Professor Jane Lydon and Wonu Veys

Professor Jane Lydon and Wonu Veys

The University was founded by John Winthrop Hackett in 1911 as the first “free university” of the British Commonwealth who wanted to offer equal opportunities to all social classes. It is high summer in Perth, and the temperature runs constantly around 30°C and by early afternoon a fresh sea breeze is blowing.

Although the campus caters to thousands of students, the grounds are also inhabited by a large population of galah’s (an Australian cockatoo) – they look like parrots but are grey with a pink breasts – and peacocks including a large number of male peacocks with their long, feathery tails.

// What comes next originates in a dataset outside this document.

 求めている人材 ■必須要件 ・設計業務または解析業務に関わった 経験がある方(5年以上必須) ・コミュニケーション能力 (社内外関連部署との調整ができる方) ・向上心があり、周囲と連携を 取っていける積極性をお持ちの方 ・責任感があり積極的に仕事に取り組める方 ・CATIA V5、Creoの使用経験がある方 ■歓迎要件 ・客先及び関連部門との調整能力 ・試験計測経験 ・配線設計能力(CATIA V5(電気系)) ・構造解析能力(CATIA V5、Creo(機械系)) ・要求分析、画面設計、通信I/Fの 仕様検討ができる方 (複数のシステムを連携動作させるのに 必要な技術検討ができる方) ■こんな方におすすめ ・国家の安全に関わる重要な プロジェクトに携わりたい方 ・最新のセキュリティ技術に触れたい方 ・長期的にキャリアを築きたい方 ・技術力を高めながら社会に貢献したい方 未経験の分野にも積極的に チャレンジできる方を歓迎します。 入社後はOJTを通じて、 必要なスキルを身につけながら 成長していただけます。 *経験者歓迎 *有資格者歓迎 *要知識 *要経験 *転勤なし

The peacocks will greet you at your office window every now and then!

Together with Professor Jane Lydon, the project leader of the Australian Research Council study, we prepared for my trip from Perth to Canberra and eventually onto Arnhem Land. My month will be mostly dedicated to finding additional research on  a group of photos that were taken in Western Australia at the end of the nineteenth century, and then to research and share a collection of 470 photographs that were taken fifty years ago by the Dutch anthropologist Alex van der Leeden in Numbulwar, a settlement in Arnhem Land.

 

Rottnest Island – Wadjemup from prison to holiday Island (Tuesday, February 11, 2014)

Quokka at Rottnest Island, Western Australia

Quokka at Rottnest Island, Western Australia

Rottnest Island got its name from the Dutch navigator Willem de Vlamingh because he thought that the many nests of the marsupials, known quokkas (Setonix brachyurus), which he found in 1696 on the island, were rats. So, “Rottenest” eventually became “Rottnest”.

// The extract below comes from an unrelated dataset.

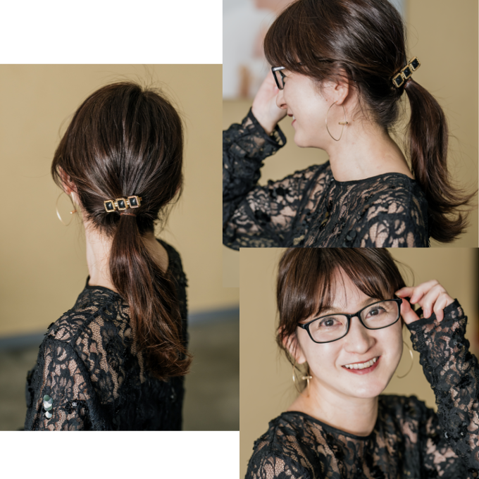 ② 簡単一つ結びヘアも、メガネ使い&バレッタで断然こなれる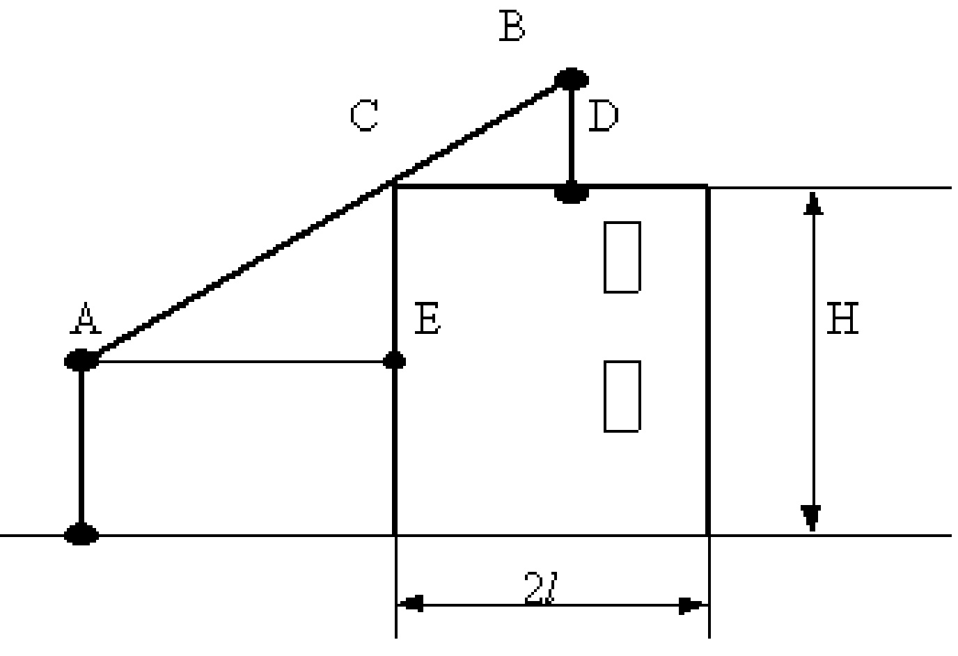 Дачный дом должен иметь высоту H=7 метров, его основание является квадратом площадью 100 м2 Крыша у дома плоская. Автомобильный кран может перемещаться вокруг всего здания, поэтому крюк его крана достанет до любой точки здания, если он достает до центра крыши. Стоимость аренды автомобильного крана зависит от длины его стрела. Поэтому для того, чтобы не переплачивать за аренду, нужно определить место установки крана, который достанет до любой точки крыши с наименьшей диной крана. Обозначьте буквой α величину угла наклона стрелы крана, а ее длину буквой у, высоту подвеса стрелы –буквой h.

The aboriginal name Wadjemup is almost never used, although the site is closely linked to the recent colonial Aboriginal history. Around 6,500 years ago, people lived on the island before it was closed off from the mainland by the rising sea levels.

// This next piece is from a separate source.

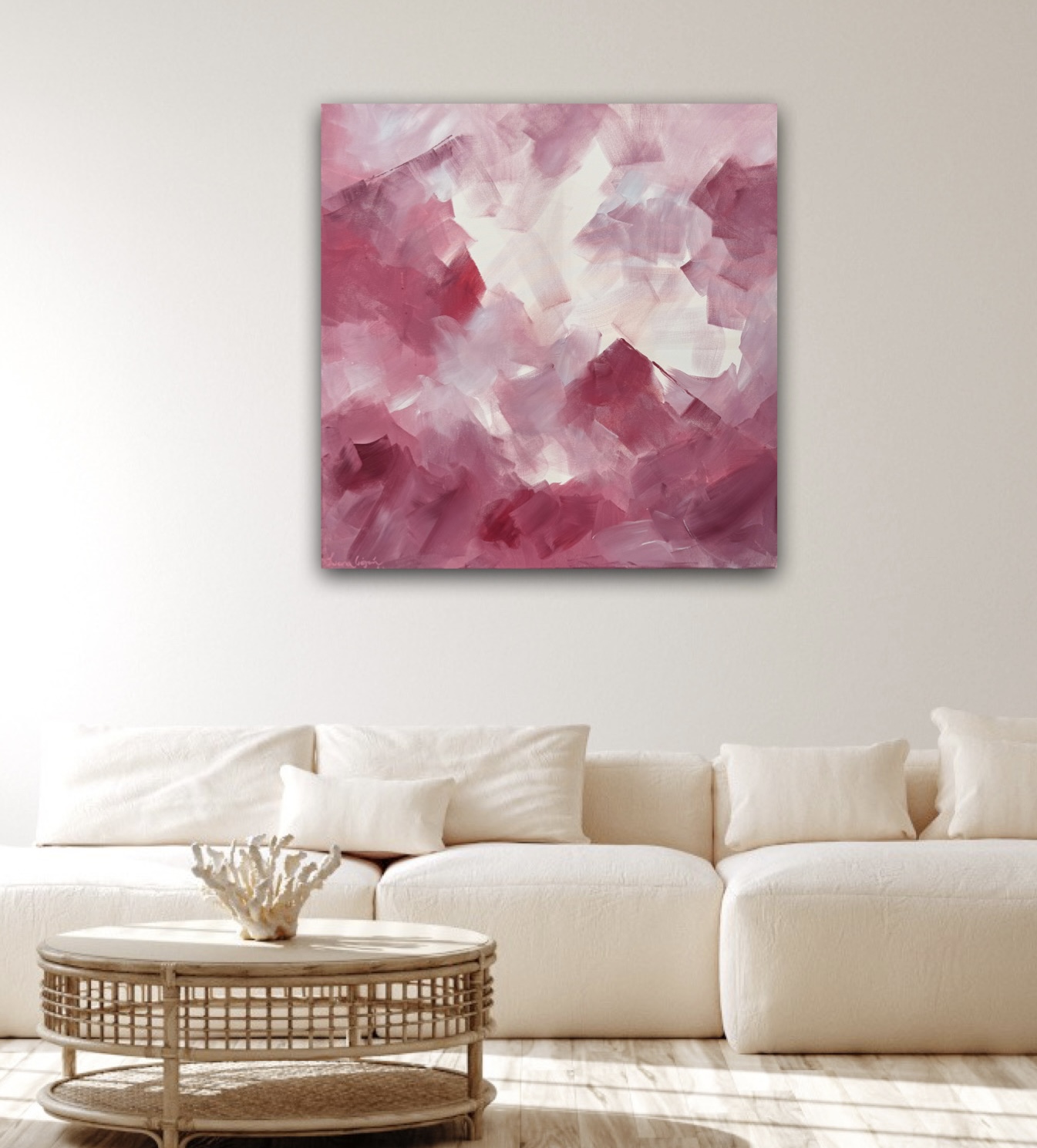 This artwork features a beautiful blend of soft and deep pink tones and white highlights creating a dreamy cloud like effect. The brushstrokes are expressive and layered, giving the piece depth and a romantic and ethereal feel.

The Island still plays an important role for the Noongar Aboriginal communities as a place where spirits dwell. A painful chapter came in 1838 when the first 10 Aboriginal men were sent as prisoners to the island. In 1931, the prison closed its doors. Sadly during that period 369 Aboriginal men, mostly leaders and bearers of cultural knowledge lost their lives. Nowadays hundreds of tourists visit the island daily, enjoying the beautiful scenery and accommodations for holidaymakers.

Although the Noongar Cirlcle of Elders and the Rottnest Island Deaths Group Aboriginal Corporation continue to make sure that the public is educated on the Aboriginal history of Rottnest and that tourists are well aware of sacred places within the landscape.

Wadjemup, Rottnest Island

Wadjemup, Rottnest Island

The Berndt Museum of Anthropology (Wednesday, February 12th, 2014)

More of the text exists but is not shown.